In the past three decades, huge numbers of Mexican and other Hispanic immigrants have settled in the US. Unlike earlier immigrants, they have retained close links to their home base, often remaining Spanish speaking and having dual nationality or citizenship. Some observers believe that America is evolving towards a bi-cultural, bi-lingual society.
In addition, the advance of individualism has been accompanied by a turning towards inward and self-defined identities – such as feminist, gay, and lesbian – resulting in a partial shift from engagement with the nation to one with smaller and more homogenous groupings. The decline in communal identity, and trust in political leaders, has also weakened national allegiance. Finally, as noted by Samuel Huntingdon, “elements of America’s intellectual, political, and business elites increasingly downgraded their commitment to the nation and gave privilege to trans-national and sub-national claims on their loyalties.”

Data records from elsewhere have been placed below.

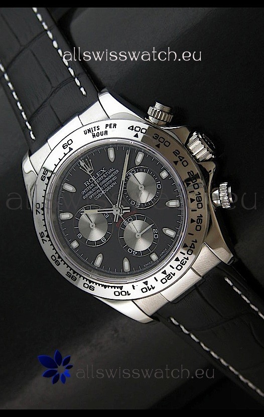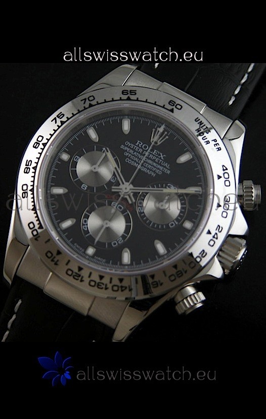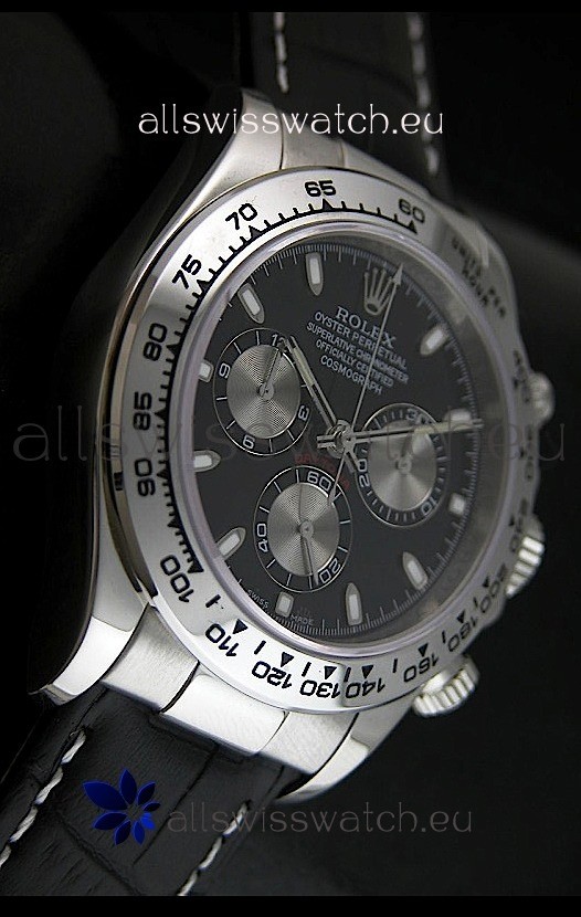 Rolex Daytona Cosmograph Swiss Replica Stainless Steel Watch in Black Dial
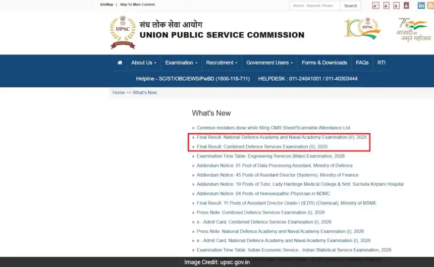 UPSC Announces Final Results for NDA and CDS Exams 2025
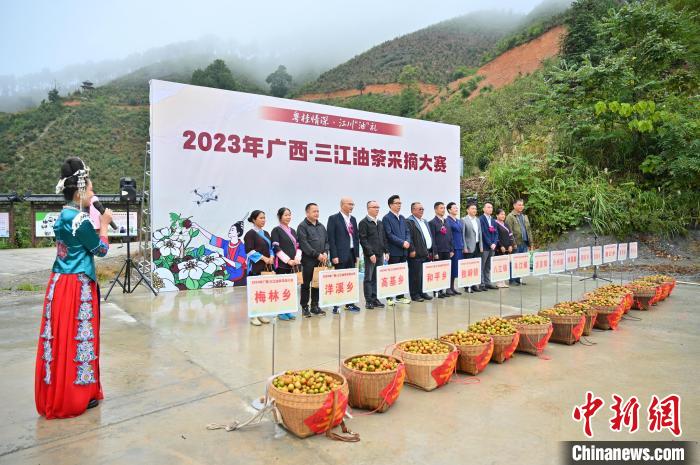 在三江县丹洲镇龙万山油茶基地,来自全县15个乡镇的45名采果能手参加油茶采摘大赛。大家穿梭于果实累累的油茶林,通过机器赛道竞速采果方式,现场展示三江油茶机械化发展成果,畅享丰收喜悦。
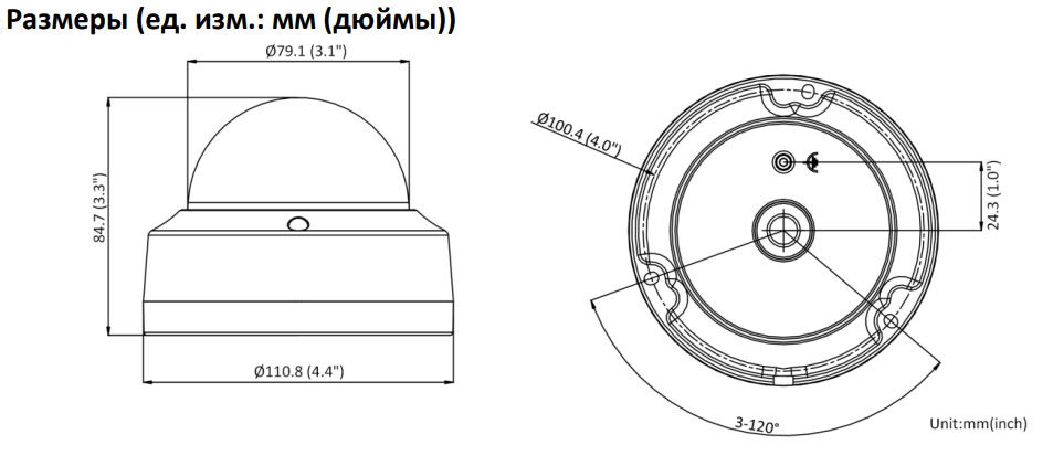 Настройка угла обзора камеры | Поворот: 0-355°; Наклон: 0-75°; Вращение: 0-355° |
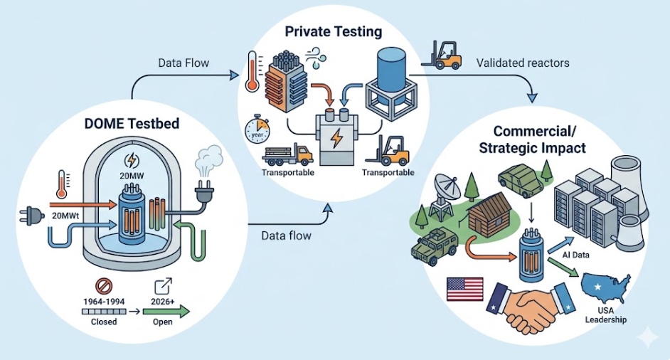 이번 시설 개소와 동시에 글로벌 원전 공룡들의 실전 테스트가 시작된다. 래디언트(Radiant Energy)는 올봄부터 고온 가스 냉각 방식의 마이크로 원자로 ‘카레이도스(Kaleidos)’를 DOME에 입고해 1년간 실제 가동 데이터를 확보한다.
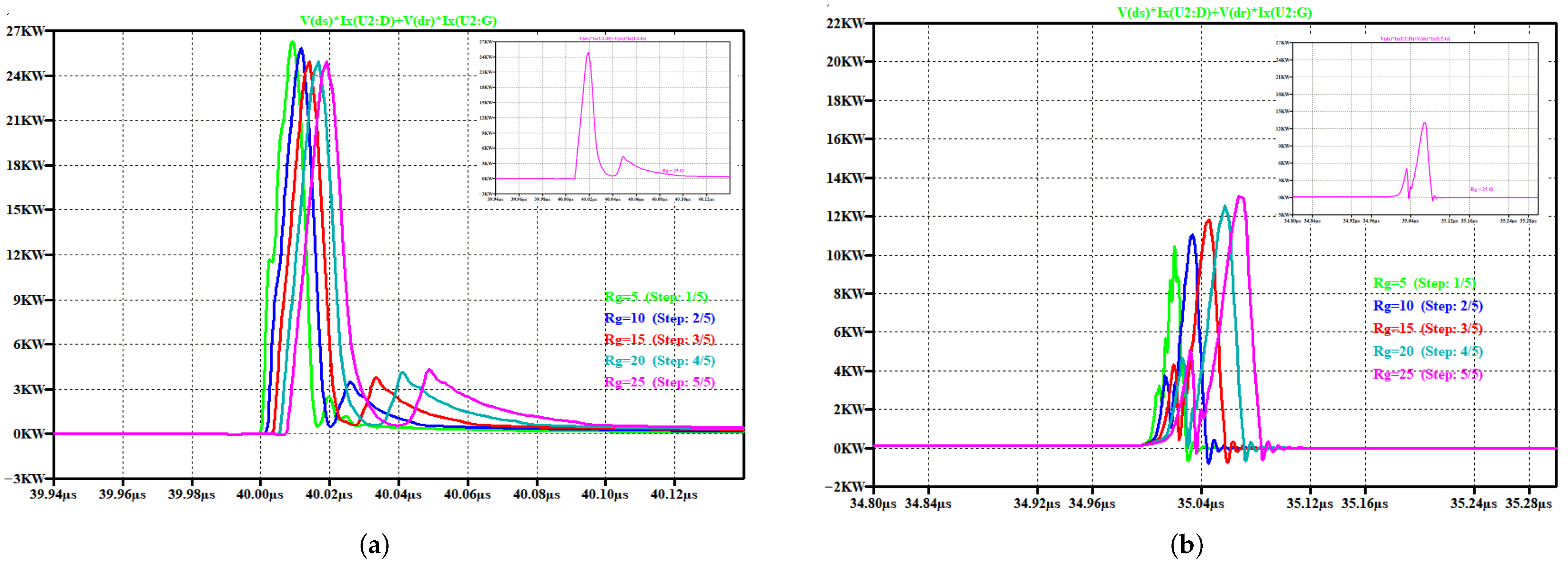 3.3. Turn-On Switching Transients/Transition Turn-On Switching Transients Simulations Results
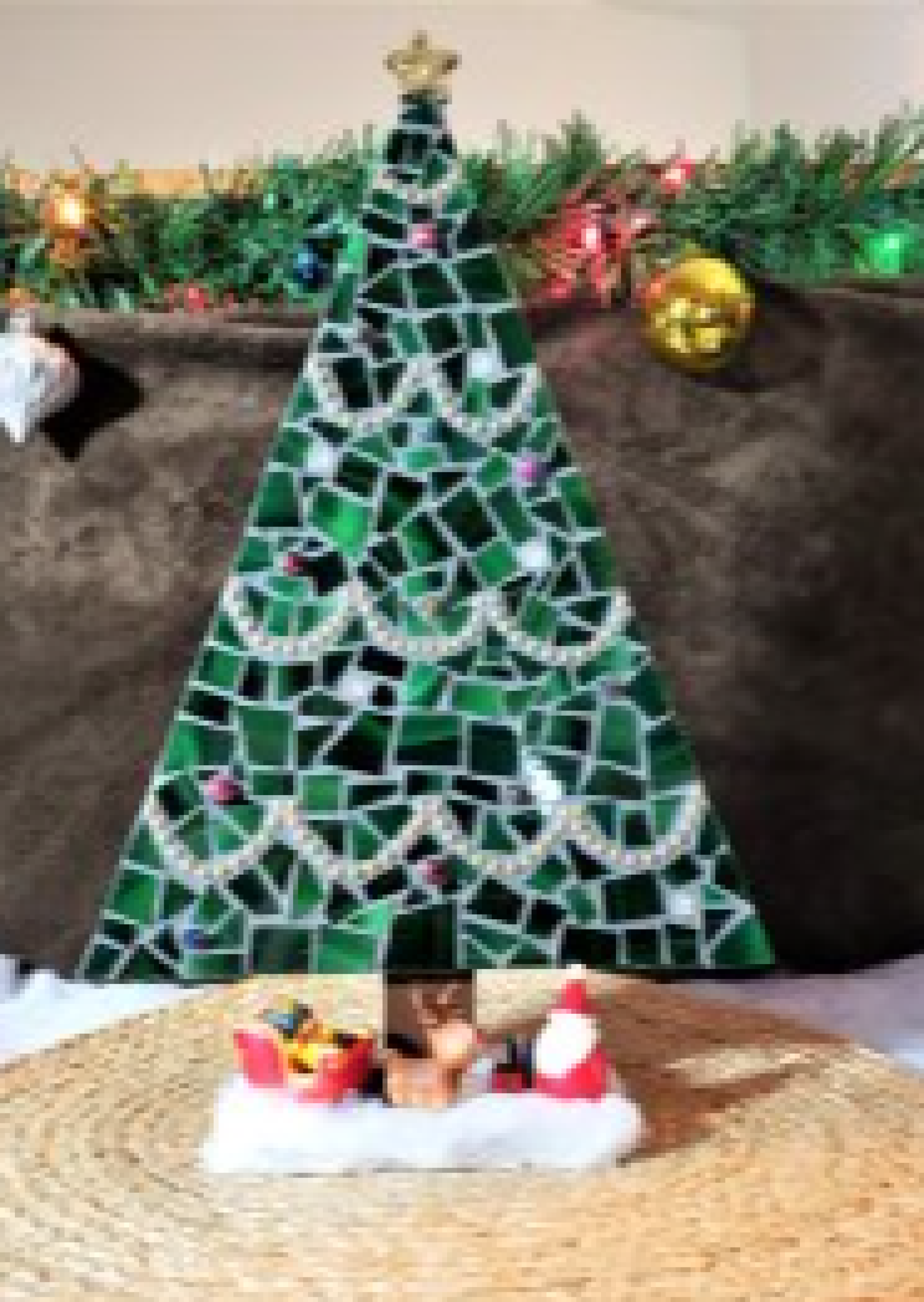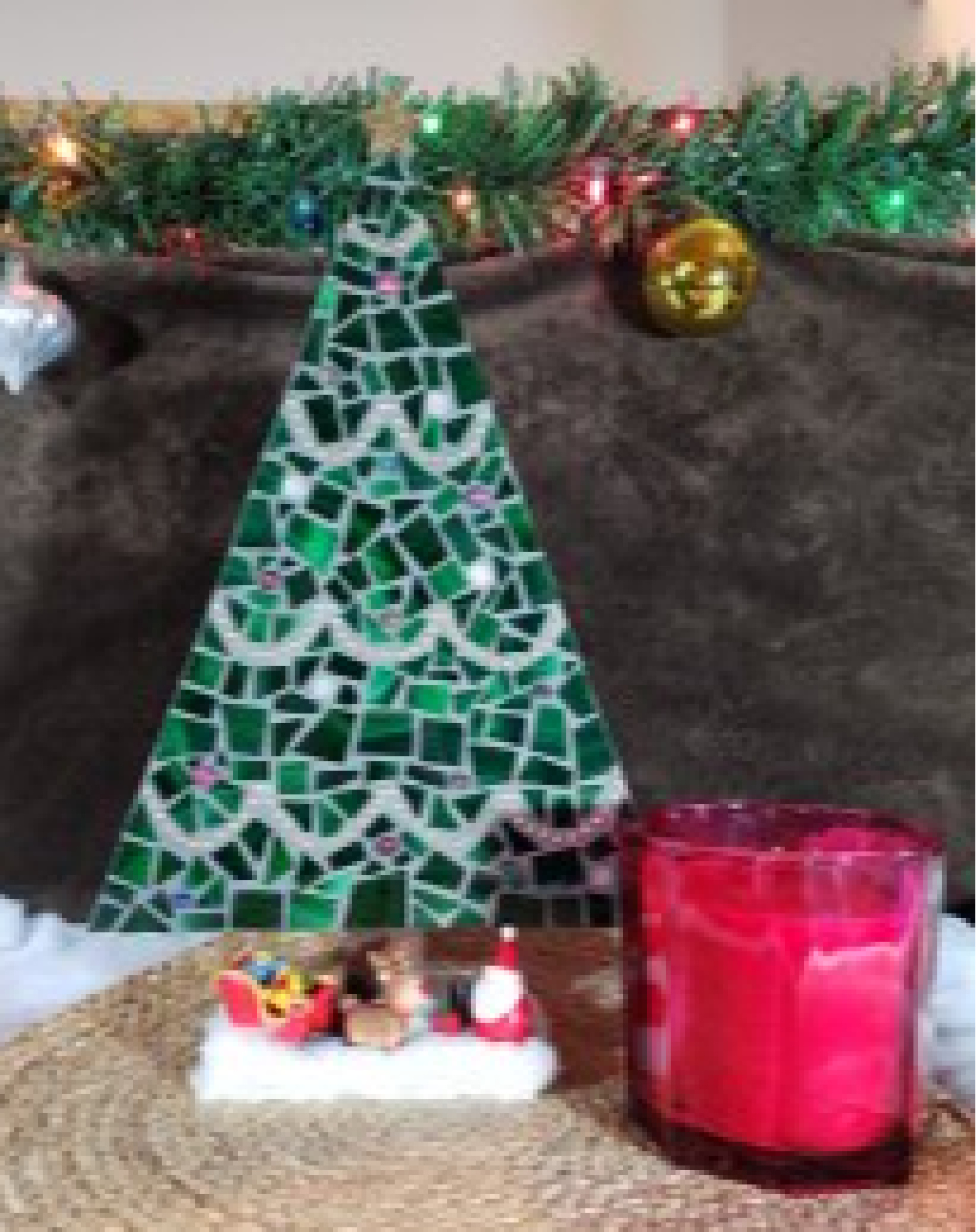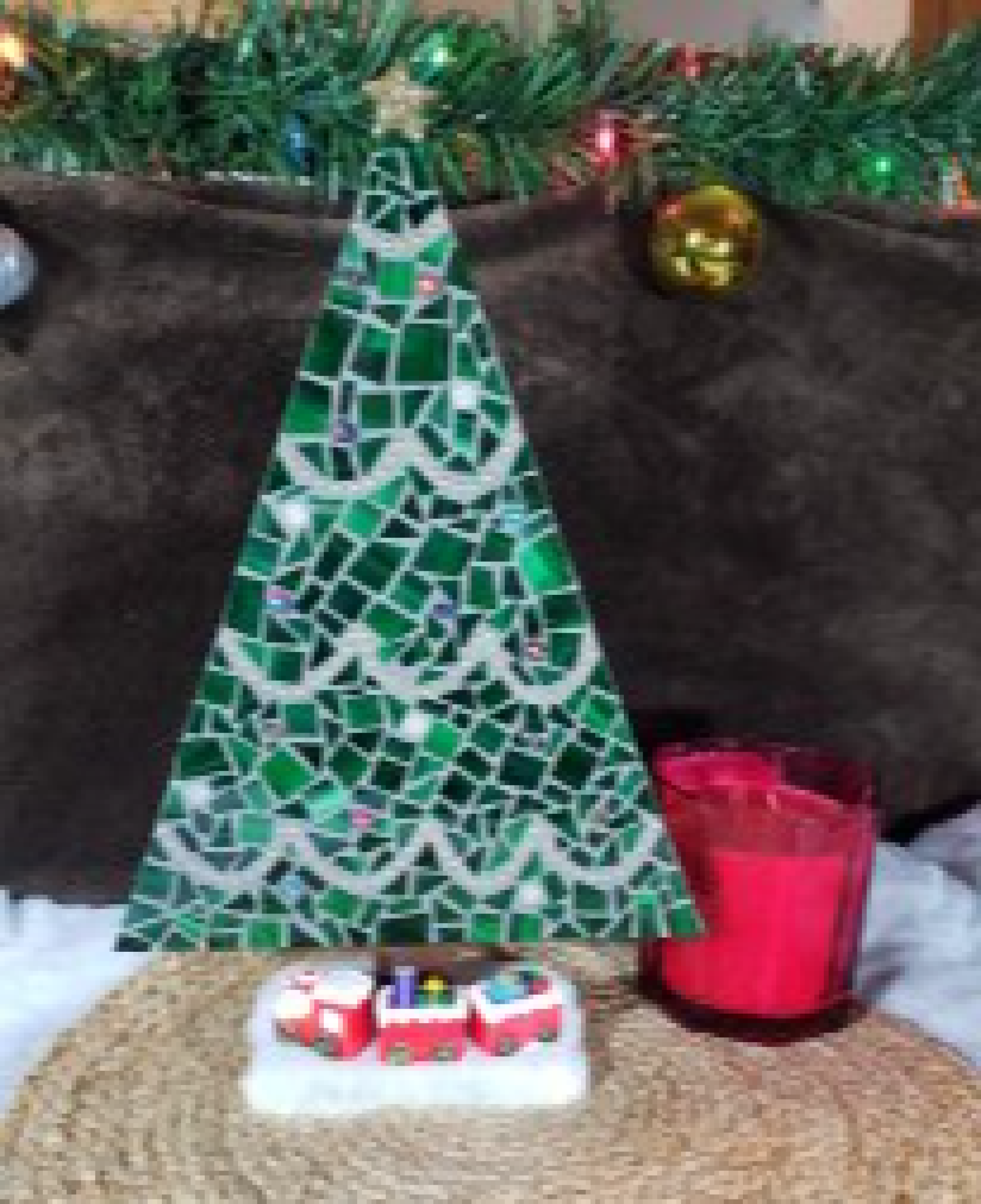 Handcrafted Mosaic Christmas Tree Scene – Festive Holiday Decor

The events of 9/11 led to a dramatic revival of American nationalism, but this appears to have been an exceptional and temporary spike in a long, downward trend. Events in Iraq, Syria and elsewhere have not restored a sense of American pride or surefootedness. Nor has the increasing polarization between Democratic and Republican parties, each backed since 2000 by almost exactly one-half of the electorate, helped a sense of a united America. Meanwhile, the economic collapse in the “Rust Belt” and in many once-great American cities, now reduced to near-third-world levels of squalor and poverty, has not helped either. The continued economic and technological triumphs of Silicon Valley and most of California should be a source of national pride, but just as often sparks resentment as the country becomes more economically unequal. As more and more citizens have become dependent on increased levels of welfare, and as even the middle classes have become less economically secure, even the centuries-old ideal of American individualism has appeared less relevant or widespread.
Yet we can be sure that an attempt to revive American nationalism will not succeed if it is divisive. From this perspective, the problem with extremist Muslim terrorism is not that it is too much of a threat, but that it is not enough of one, not by a long chalk. When Hitler won an election in Germany in 1933, and then seized power and began to persecute the Jews, they were numerous and rich enough to be painted, albeit mendaciously, as a threat to the nation. The same cannot be said for Muslim extremists inside or outside America today.
If a new idea is to unite and inspire the American nation, it needs to be truly popular with the great majority of Americans, which in turn requires that it needs to incorporate other sources of identity, such as Hispanic, black, feminist, gay, and, indeed, Muslim. Most of all, however, America needs to rediscover a political ideal consistent with its origins and history.
And it is an ideal that is required, not just an idea. It has to stress all that is best in America’s heritage and success. No contender in the 2016 Presidential election articulated such a vision. In 2020 the candidate who does so most effectively will win; and if nobody does so, the whole of America and the world will lose.
It’s time to begin thinking about what the new political ideal should incorporate. For starters, we could do worse than highlight three perennial themes which ring out loud and clear in the best of US history – individualism, personal responsibility, and compassionate egalitarianism. America needs a new Roosevelt, Kennedy, King, or Reagan to blend these ideals into a contemporary program which can attract the admiration and devotion of the great majority of Americans. For the sake of the free world, America can and must be made great again, but this can only happen with a new, cohesive vision, based on old American virtues.